What if your child screams every time you put them down to bed?
- Preparation is key! A consistent and repetitive bedtime routine will help your child to feel secure. Check out my blog: How to create a bedtime routine that works!
- Explain to them the steps before bedtime. It is important try to squeeze in a little 1:1 time just before bed in the environment they will be sleeping in especially if your child is experiencing anxiety.
- Lots of positive talk about their room and time in there during the day. This enhances that it is a positive space.
- Preparation before bed and explanation on where you will be once they shut their eyes (make it boring) can feel reassuring to a child.
- Stay calm and consistent relaxed and confident. I know it can be super frustrating, I get it! Acknowledge your feelings of anxiety or anger and give yourself a pep talk. Have a plan beforehand to set yourself up as best as you can.
- Stay calm and consistent once you’ve decided your plan and keep the departure simple and short.
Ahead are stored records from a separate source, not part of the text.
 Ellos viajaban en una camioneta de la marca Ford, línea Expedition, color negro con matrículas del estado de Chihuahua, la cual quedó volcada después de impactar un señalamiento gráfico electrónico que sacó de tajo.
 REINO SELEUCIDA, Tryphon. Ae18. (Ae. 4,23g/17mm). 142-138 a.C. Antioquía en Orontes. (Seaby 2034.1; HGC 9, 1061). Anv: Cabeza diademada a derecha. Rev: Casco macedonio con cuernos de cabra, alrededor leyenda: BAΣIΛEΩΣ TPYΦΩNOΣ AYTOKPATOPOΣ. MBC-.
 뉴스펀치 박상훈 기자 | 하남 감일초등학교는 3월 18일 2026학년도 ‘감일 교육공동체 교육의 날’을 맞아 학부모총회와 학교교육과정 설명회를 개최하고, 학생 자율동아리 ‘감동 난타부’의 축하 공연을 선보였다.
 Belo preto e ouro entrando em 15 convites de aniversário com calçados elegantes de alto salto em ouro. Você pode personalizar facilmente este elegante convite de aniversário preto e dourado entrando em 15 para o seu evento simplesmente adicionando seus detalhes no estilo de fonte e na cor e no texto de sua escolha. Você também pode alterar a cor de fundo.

- Let them know you would prefer them not to scream because they are safe, and you will be checking on them. Screaming or tantrum behaviour will not mean that bedtime is over.
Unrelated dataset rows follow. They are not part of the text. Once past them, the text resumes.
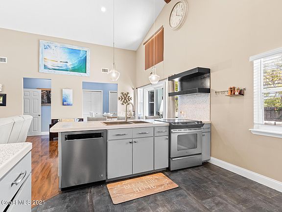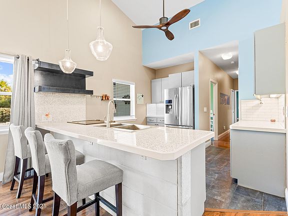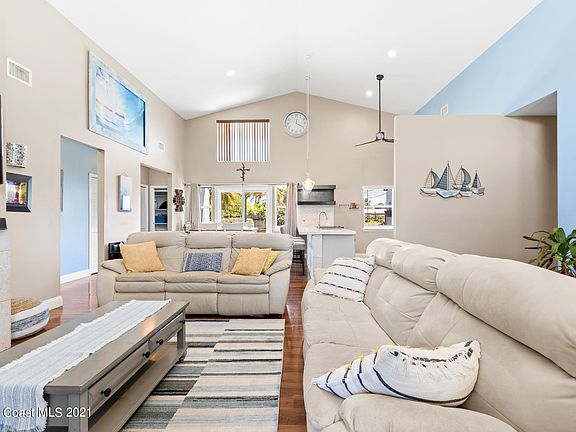 On a cul-de-sac between the Indian River & the beaches, this charming abode boasts a fully restored tile roof, a BRAND NEW HVAC system & modern updates! Stained concrete, wood laminate & tile floors sweep throughout. Vaulted ceilings soar over a fireplace great rm & open dining. The renovated b-fast bar kitchen exhibits SS appliances, pendant lighting, solid surface counters & a subway tile backsplash. Dual walk-ins & a chic bath hallmark the owner's retreat. The ensuite flaunts a pebbled & mosaic-tiled shower w/bench seating & a countertop basin vanity. The 2nd bath is cool & contemporary w/a twin sink vanity & classy tub/shower combo. Separated by a pocket door, 2 of the extra bdrms could be expanded into one. The vibrant backyard celebrates an open-air patio & pergola!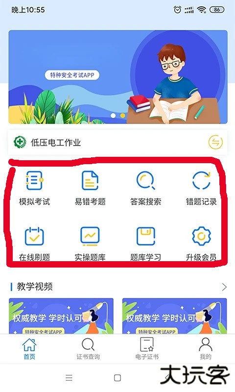 1、打开特种安全考试,有首页、证书查询、电子证书和我的版块,首页有模拟考试、在线刷题、题库学习等功能;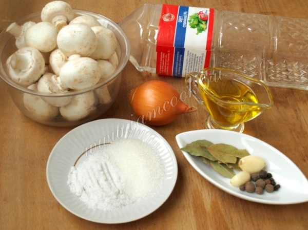 Для приготовления маринованных шампиньонов нам понадобится их 500 граммов, лук репчатый, соль, сахар, лавровый лист, перец чёрный и душистый горошек, чеснок, уксус и растительное масло.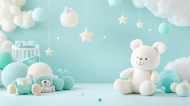 A cozy and welcoming baby room with gentle colors, plush toys, and a soft crib for a soothing atmosphere that enhances relaxation.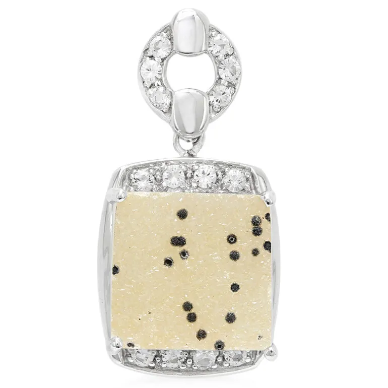 Entdecken Sie die Anziehungskraft dieses raffinierten Anhängers aus brasilianischem Glitzerachat von 15 Karat, der von 0,59 Karat funkelnden weißen Topasen umgeben ist. Der antike Kissen-Cabochon-Schliff verleiht der natürlichen Schönheit des Achats einen einzigartigen Charme, der durch die Brillanz der Topase im Rundschliff noch verstärkt wird. Der Anhänger aus 925er Sterlingsilber mit einem Gewicht von ca. 4,66 g ist eine Verschmelzung von klassischer Eleganz und modernem Design und misst 34 x 17 mm. Er ist ein vielseitiges Accessoire, das sowohl der Tages- als auch der Abendgarderobe einen Hauch von Glamour verleihen kann.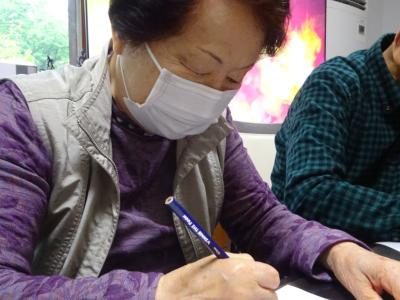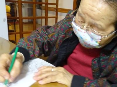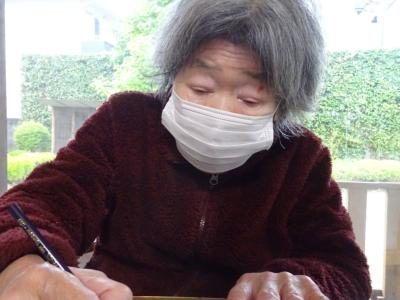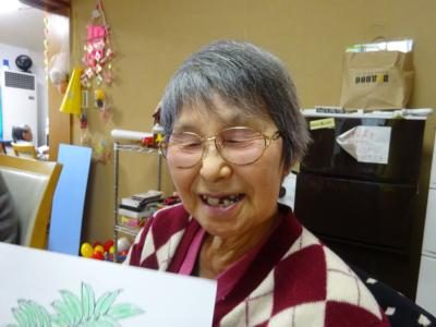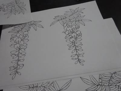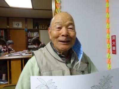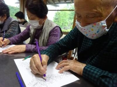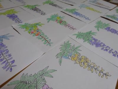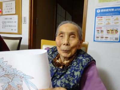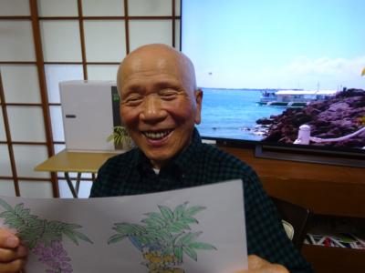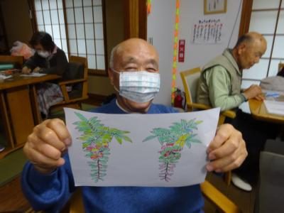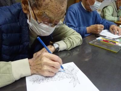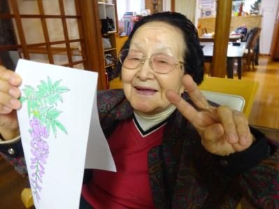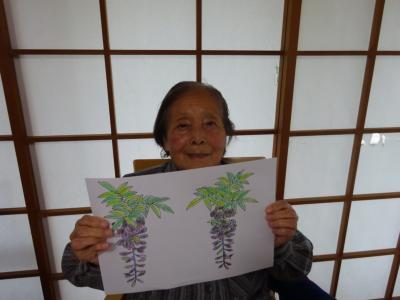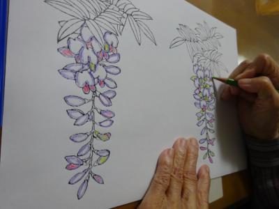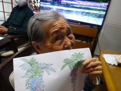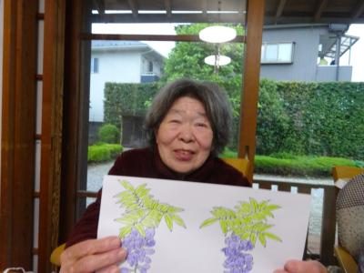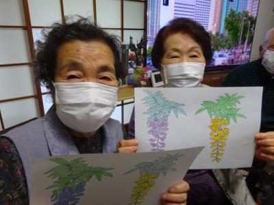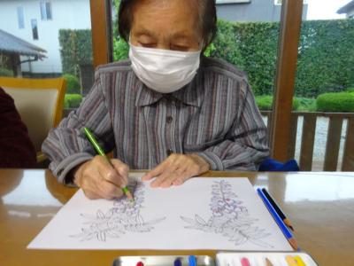 午後は、季節のお花「藤の花」の塗り絵をしましょうかと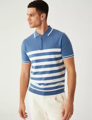 Pure Cotton Striped Half Zip Polo Shirt
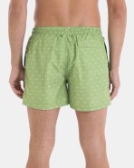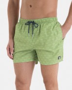 Men’s quick-dry swimsuit with micro-print on a green background. With side pockets, a back pocket with zipper closure, and adjustable elastic waistband with drawstring.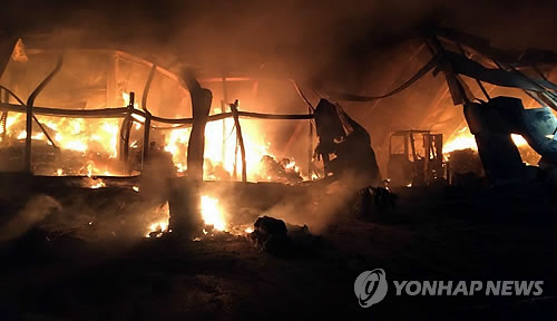 | △ 불타오르는 공장 (청주=연합뉴스) 김형우 기자 = 18일 오후 7시 39분께 청주시 옥산면 장동리의 종이박스 제조공장에서 원인을 알 수 없는 불이 났다. 2015.3.18 vodcast@yna.co.kr |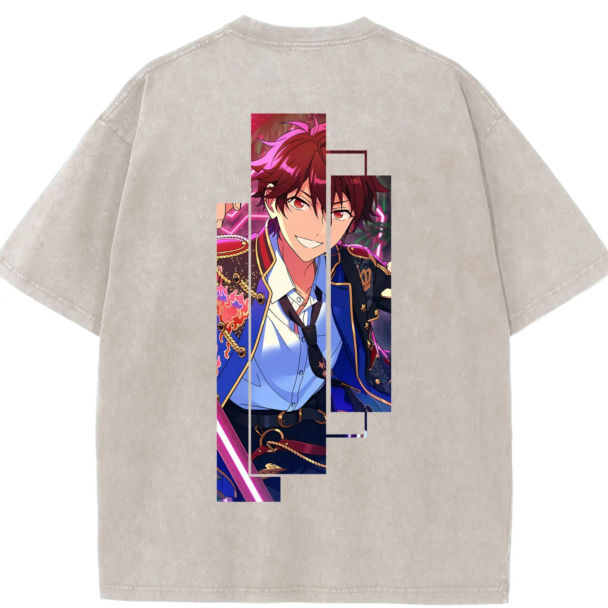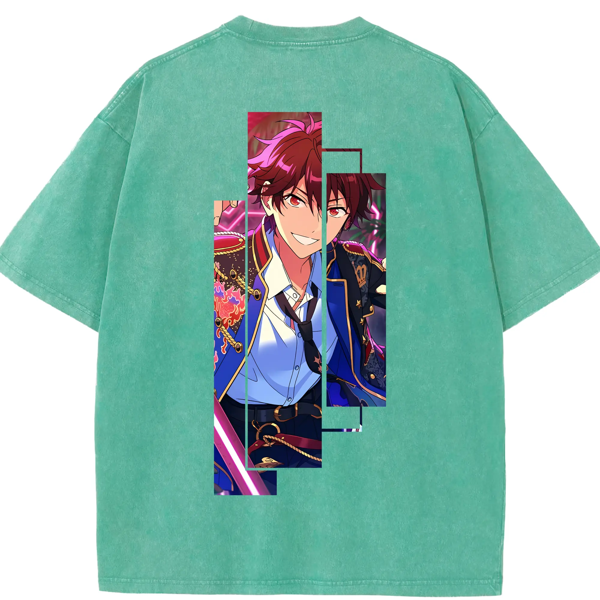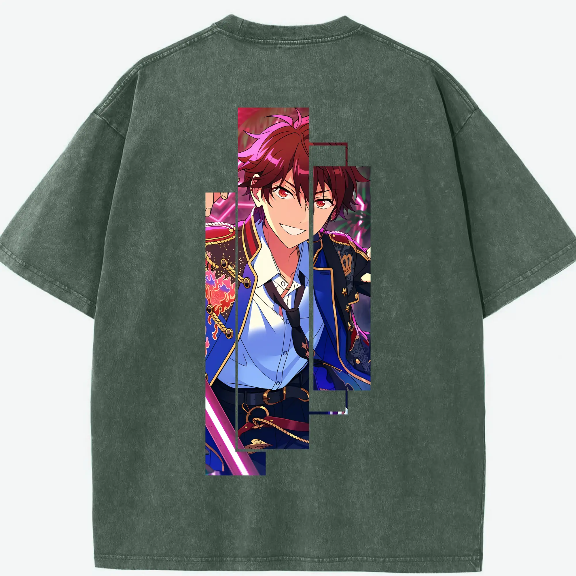 あんさん ぶる グッズ 流星隊 守沢千秋 - 綿100% ヴィンテージ風 半袖Tシャツ ・ フロントプリント ・ 柔らか肌触り ・ 通気性 快適 ・ スポーツ カジュアル 外出用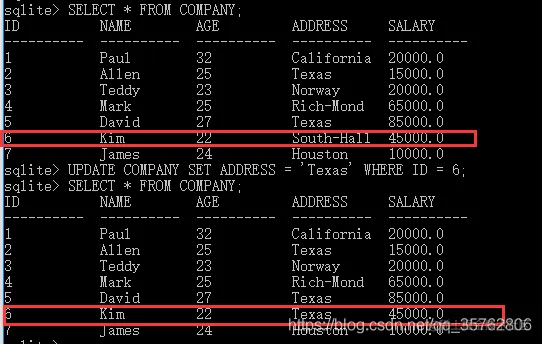 UPDATE COMPANY SET ADDRESS = 'Texas' WHERE ID = 6;

- Even if your child doesn’t fall asleep initially this is ok! Stay consistent as purposefully not going to sleep can be heightened by their development of self-awareness and independence.
- Talk about what you will do together in the morning as a distraction or talk about something completely random that draws in their attention. Talk about what they would like as a reward for showing good behaviour or explain to them a reward you will be giving them.
- We want to offer comfort but not to the point whereby you end up sitting next to them until they are asleep and then sneaking away. This can actually end up making things worse! Short and boring even if it means more frequent visits until they are asleep are best.
- There is definitely no quick fixes and it can take lots of love, patience and consistency to improve the situation.
- Make sure the awake time, amount of naps and duration are age appropriate. Check out my Instagram posts for information on awake times and amount of naps recommended for each age to ensure they are not under or overtired.
- A comforter can bring your child extra security when they are away from you.
- Short, sharp and precise sentences are better than long drawn out explanations.
- Extra comfort may be necessary overnight when they wake, but these events should be short and boring. Remember separation anxiety is developmental so lots of extra attention during the night such as reading a story will not make it go away. This time will pass.
- Be confident with all the extra work you’ve been putting into the separation anxiety during the day and know that they are safe, and you are supporting them.
- If they are around 2 years old, you may like to consider a red night light if the anxiety is fear based.
- If you are worried, sad or angry, your child might think it isn’t safe and can get upset too.
- No matter how frustrated you feel, avoid criticising or being negative about your child’s difficulty with separation. Take a break and let off some steam if you need or open up to someone and discuss the situation away from their little ears!
Normal responses after a separation
When you begin to practice separation, some children will pretend to ignore their parent on return. Some will act angrily or increase their clinginess and tantrums. Night waking and bedtime struggles can also become more frequent post a separation. This is why it is important to acknowledge your child’s feelings and how much you missed them during the day with some extra hugs and attention but not to transfer your guilty or anxious feelings onto them during the night. Other children seem to have a joyful reunion!
Experiencing separation anxiety with your child does not mean you have to stop leaving them. It’s about being available to them but continuing with your normal routine and limits. Routine, structure, and reasonable limits without much change will actually help them to continue to feel more secure in the long run. Separation anxiety shouldn’t put you off sorting out sleep problems, waking and night visits if you don’t want them to continue.